If you come up with a realistic language spec and wait maybe six months, by then it'll probably be approach being cheap enough that you could test the scenario yourself!
It looks like a much more progressed/complete version of https://github.com/kidoz/smdc-toolchain/tree/master/crates/s... . But that one is only a month old. So a bit confused there. Maybe that was also created via LLM?
I see that as the point that all this is proving - most people, most of the time, are essentially reinventing the wheel at some scope and scale or another, so we’d all benefit from being able to find and copy each others’ homework more efficiently.
And the goal post shifts.
..A small thing, but it won't compile the RISCV version of hello.c if the source isn't installed on the machine it's running on.
It is standing on the shoulders of giants (all of the compilers of the past, built into it's training data... and the recent learnings about getting these agents to break up tasks) to get itself going. Still fairly impressive.
On a side-quest, I wonder where Anthropic is getting there power from. The whole energy debacle in the US at the moment probably means it made some CO2 in the process. Would be hard to avoid?
Also: a large amount of folks seem to think Claude code is losing a ton of money. I have no idea where the final numbers land, however, if the $20,000 figure is accurate and based on some of the estimates I've seen, they could've hired 8 senior level developers at a quarter million a year for the same amount of money spent internally.
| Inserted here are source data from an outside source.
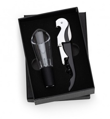 Kit vinho 2 peças em caixa de papelão com tampa, revestimento interno de espuma. Possui bico condutor e saca rolhas, medidas altura : 14 cm x Largura : 10,2 cm. Gravação serigrafia em 1 cor na caixa e laser no saca rolhas.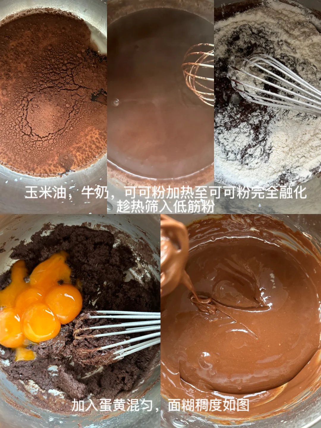2️⃣牛奶,玉米油倒入锅中小火加热,趁热加入可可粉搅拌均匀,加入巧克力使其融化,筛入低粉画一字(或Z字)混匀,加入蛋黄混合均匀,面糊稠度如图。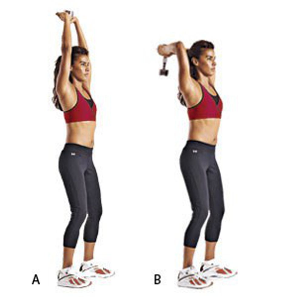 Use your textbooks to put more than your mind to work. They can easily be turned into weights. Hold a book behind your head, extend your arms up so the book is over your head and return to the starting position.

Granted, marketing sucks up far too much money for any startup, and again, we don't know the actual numbers in play, however, this is something to keep in mind. (The very same marketing that likely also wrote the blog post, FWIW).
this doesn't add up. the 20k is in API costs. people talk about CC losing money because it's way more efficient than the API. I.e. the same work with efficient use of CC might have cost ~$5k.
but regardless, hiring is difficult and high-end talent is limited. If the costs were anywhere close to equivalent, the agents are a no-brainer
> hiring is difficult and high-end talent is limited.
Not only that, but firing talent is also a pain. You can't "hire" 10 devs for 2 weeks, and fire them afterwards. At least you can't keep doing that, people talk and no one would apply.
CC hits their APIs, And internally I'm sure Anthropic tracks those calls, which is what they seem to be referencing here. What exactly did Anthropic do in this test to have "inefficient use of CC" vs your proposed "efficient use of CC"?
Or do you mean that if an external user replicated this experience they might get billed less than $20k due to CC being sold at lower rates than per-API-call metered billing?
Even if the dollar cost for product created was the same, the flexibility of being able to spin a team up and down with an API call is a major advantage. That AI can write working code at all is still amazing to me.
This thing was done in 2 weeks. In the orgs I've worked in, you'd be lucky to get HR approval to create a job posting within 2 weeks.